I do not recall all the topics that I worked on with Anthony or Sara. Here, I must say that graduate school was hard for me. I spent nights working on math problems while watching friends more clever than me failing at the hunting trials and being forced to leave. I felt like a soldier in a war zone, and the odds were no bueno. During those days, I used to think about my brother Nelson and my friend Julie. We all took a calculus class together, and on the final day of the course, I found out that my grade was an uneventful A-. Meanwhile, Julie was running around, smiling and happy. “I got a C+,” she told me with bright eyes. Everyone else went to hug her. She failed that class before, and a C+ was required for her to stay in the University. “I will earn a Ph.D. in Physics,” Julie told everyone who wanted to listen while perusing her astronomy books. She went to earn that degree. My brother was also in a celebratory mood. Nelson required a 70 out of 100 on his last exam to get a C+, and he got 71. “Precisely, the grade that I needed, and I do not work more than I have to!” he asserted exuberantly. Everyone was laughing. Nelson has always had a knack for celebrating and he felt like a daredevil.

Truth be told, Nelson and Julie studied many afternoons and solved an uncountable number of exercises.
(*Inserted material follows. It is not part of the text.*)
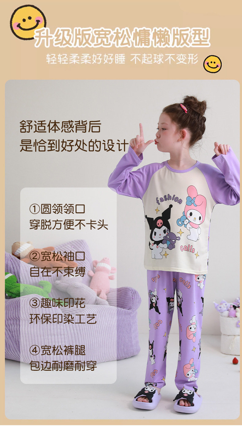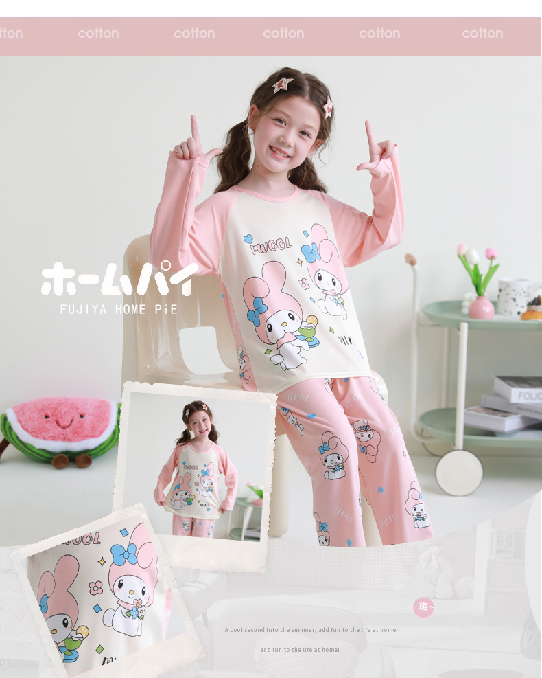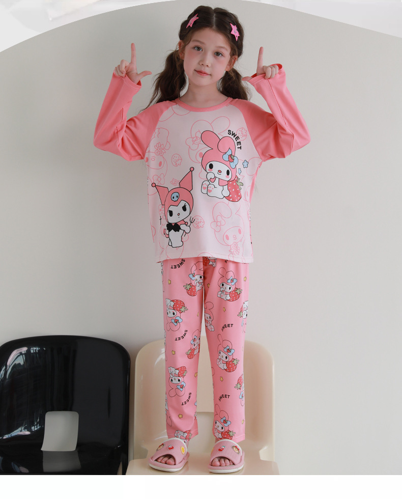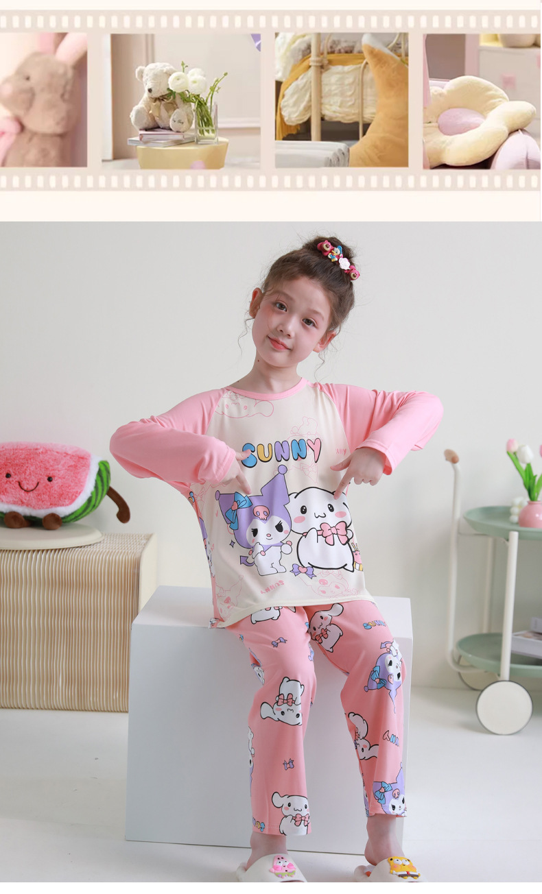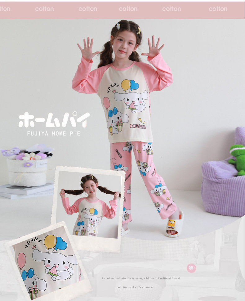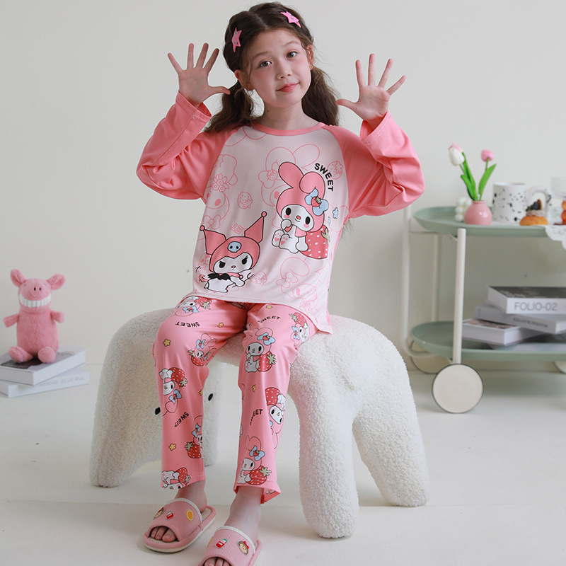 소녀 잠옷 봄과 가을 새로운 2024 만화 어린이 얇은 긴 소매 세트 어린이 소녀 중 큰 어린이 홈 옷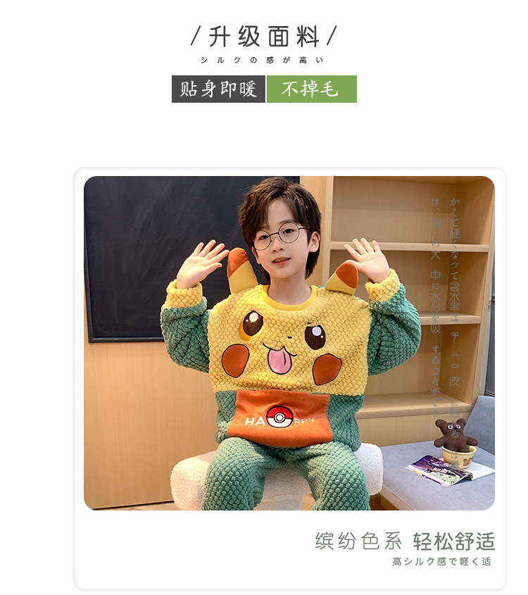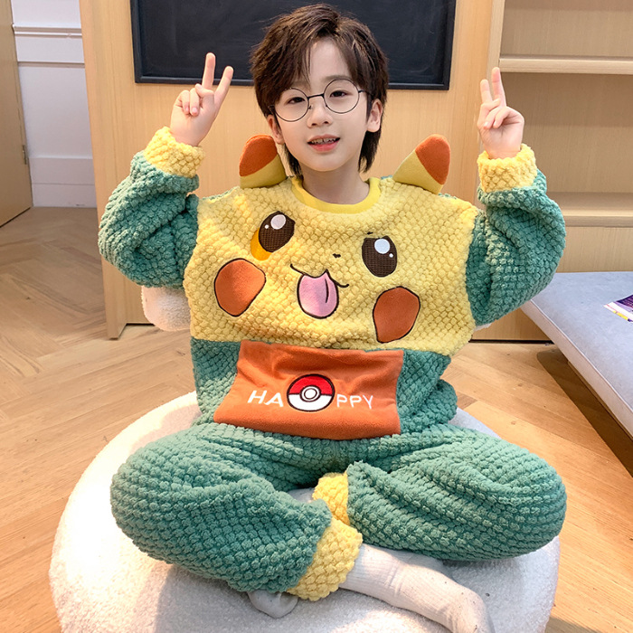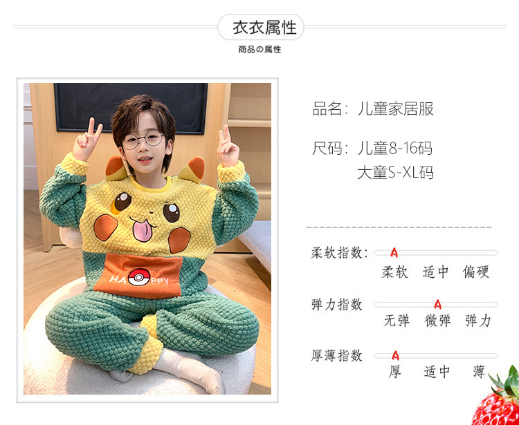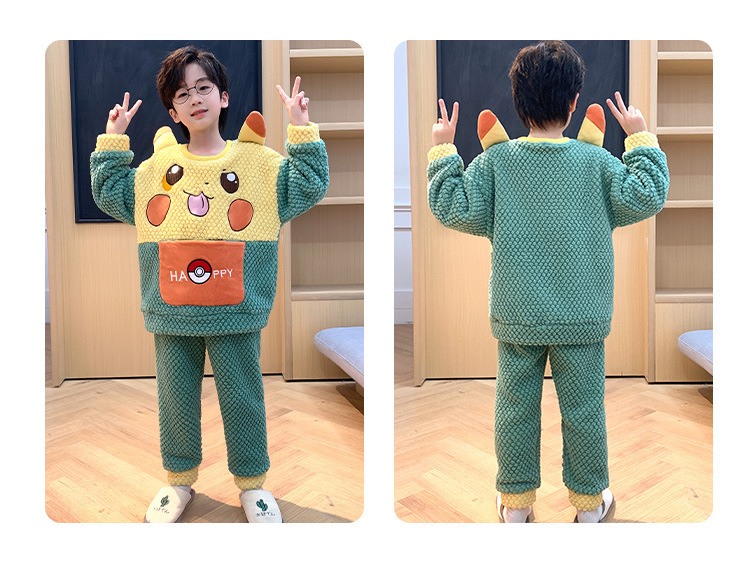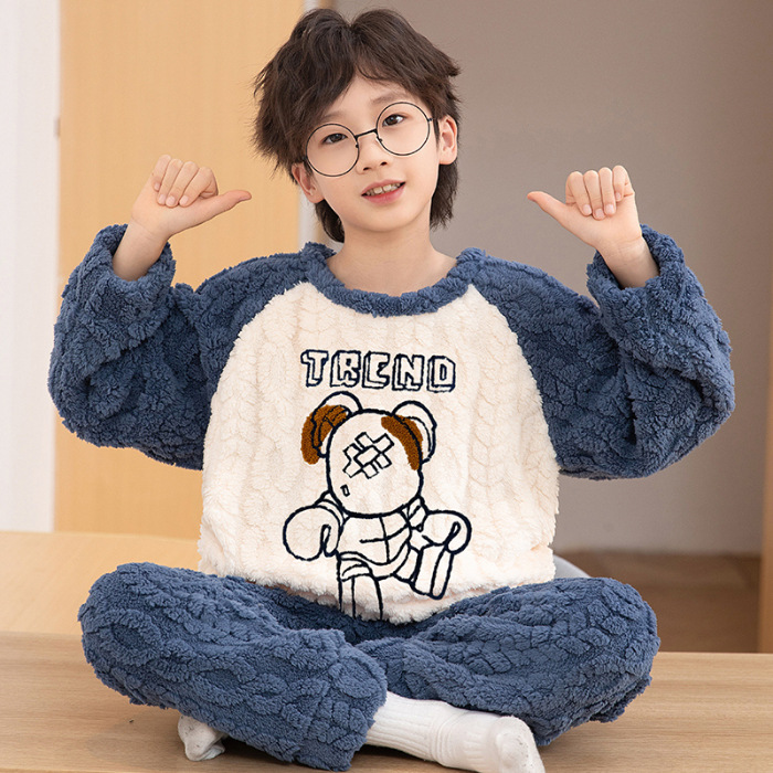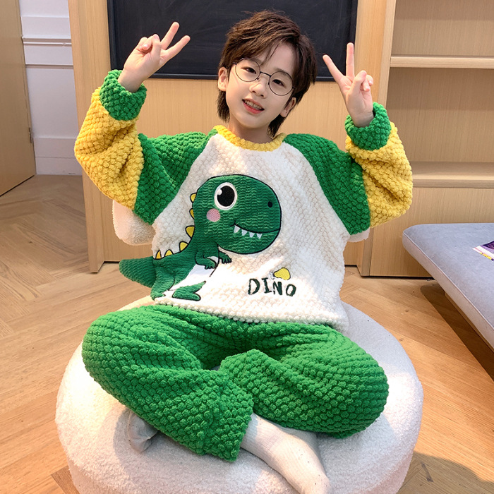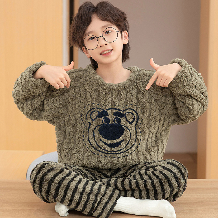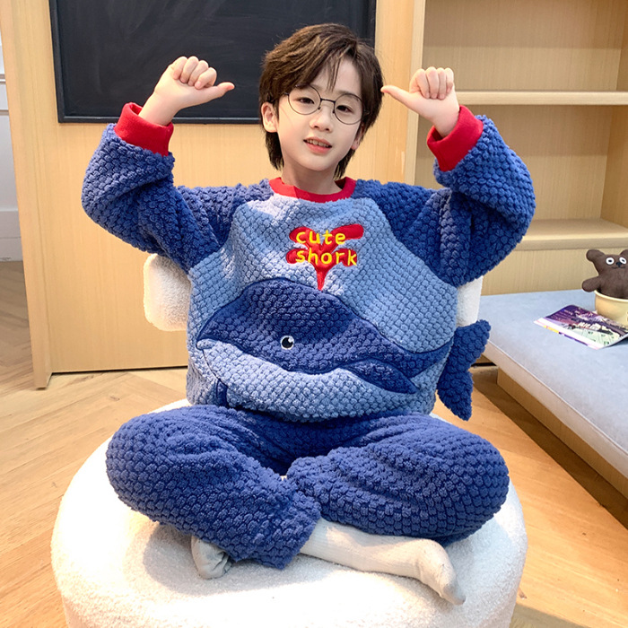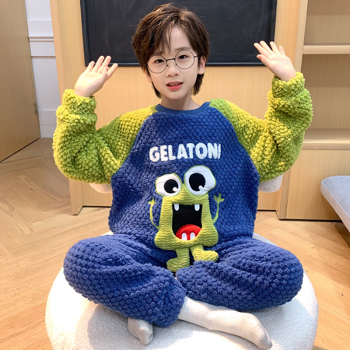 어린이 잠옷 산호 양털 가을과 겨울 귀여운 만화 소년 둥근 목 두꺼운 따뜻한 중대형 어린이 가정 옷 세트

My brother stayed up many nights while I was sleeping on a sofa next to him. I don't even recall having a notebook for that class. He had pages and pages of solved problems before the exam.

Many years later, I found myself in graduate school with a grade of 30 out of 100 on a math exam. I had studied many nights, solved all the exercises, and reviewed all the homework.

“How did you do on the exam?” I asked my office mate.

“I got 95 out 100. The exam wasn’t hard,” he answered.

Without my knowing, Nelson and Julie had taught me something significant all those years ago. If I was going to become a hunter's apprentice, then I should learn to be beaten by math problems, to stand up, and to charge again. This insight hit me one afternoon when Sara was struggling to add 13+9. I am a hunter, and I must teach her to approach a math problem like a predator approaches a kill—without fear, hesitation, or defeatism. I had chased a math deer for months only to see it escape. I had felt the satisfaction of capturing a problem after a long pursuit, and I had felt the sadness of the one that got away. I could teach Sara and Anthony the lesson that I draw from Nelson and Julie; to stop being students and to instead become hunters. Hunters respect the prey, but they do not fear it. They are prepared to chase the problem during many moons and to learn from their kill.

A lot of people do not approach math in this way because they are afraid mathematics will fight back. They are right. Math kicks and bites. We all feel frustrated with it. The biggest Tyrannosaurus Rex in my field said once “I felt clumsy, even oafish, wandering painfully up an arduous track, like a dumb ox faced with an amorphous mountain of things I had to learn (so I was assured) things I felt incapable of understanding the essentials or following through to the end.” (see [1]) However, we should learn to persevere despite that. Nelson and Julie showed me that, so I could teach it to Anthony and Sara

After a while, I stopped tutoring Sara, as our schedules conflicted and her parents start debating which foreign language she should learn instead. Anthony began an after-school program and soccer practice during the weekends. I did not take more students and instead focused on my mathematical research. Years later I learned that both Anthony and Sara are pursuing careers in arts and acting. However, I hope to have had a contribution to their education. I hope that they learned to acknowledge the difficulty of a math problem without being afraid. To deal with frustration. To pursue with perseverance. To be a tiger never afraid of the deer.

REFERENCE

[1] Alexander Grothendieck, Récoltes et semailles: Réflexions et témoignages sur un passé de mathématicien. 2.2 L'importance d'être seul. 1986.